前回お返事を書いた人物とは別になってしまいますが、タイトルの「人として」という言葉が目にとまり、思いがけず海援隊(70年代のフォークバンド)に同様の歌があることを思い出しながら感想を書かせていただきました。

投稿を読ませていただきながら、身を置く環境もですが、あなた自身の内面にも少しずつ変化があったことを感じました。就労支援事業所で、安心して関わることができる人との出会いがあったのですかね。失敗をすることで自分を許す人・・素朴だけどあたたかい、そんな人柄をイメージしています。何気ない「普通」の関わりの積み重ねが、言葉ではない部分であなたの心に響いたことを想像しました。

「人間を諦めている」ことは、あなたの苦悩を象徴する表現であるとともに、自分を守るための世界との向き合い方でもあるのかなと感じながら読んでいました。
対人関係において自分のスタンスを示す表現であるようにも感じているのですが、ありのままの自分でいるにはあまりにも酷な状況下で、「人間を諦める」ことは生き延びるための戦術でもあったのかなと、そんなことを考えています。
(私の勝手な想像で、あなたの気持ちと違ったことを書いていたらすみません)

人が人を語ろうとするとき、排除的な論理を感じるということは私自身も身につまされる思いです。ここでは率直な思いを綴ってもらいたいと思っているので、気分を害しているということは一切ないので安心して下さい。

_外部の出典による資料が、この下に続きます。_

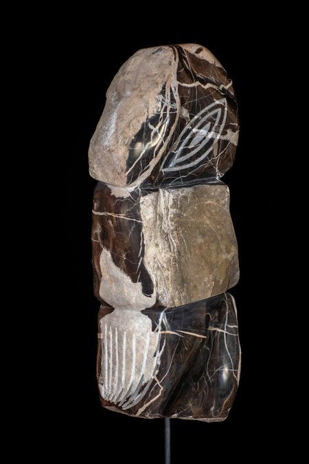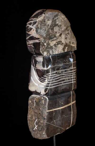 In einem Vorarlberger Bachbett habe ich diesen Kalkstein gefunden und bearbeitet. Jede Seite hat einen rohen Teil und einen glatten, bearbeiteten und mit Kerben versehenen Teil --- so wie ein "richtiger Vorarlberger" (ghöriga Xiberger) eben ist!

自分を受容することは、周囲の言葉や態度にも影響を受けますが、自分のストーリーを自分自身で編み直していく過程もあったように思います。「化物でもいいのかもしれない」という思いが芽生えたことに、あなたの中にある確かな力を感じながら、読んでいる私自身も元気をもらったような思いでいます。
死にトリもまた、訪れてくれる方々の声なき心の叫びに耳をすませながら、安心して自分の気持ちを語れる場所でありたいとあらためて思いました。またよかったらお話を聞かせて下さい。経験談への投稿ありがとうございます。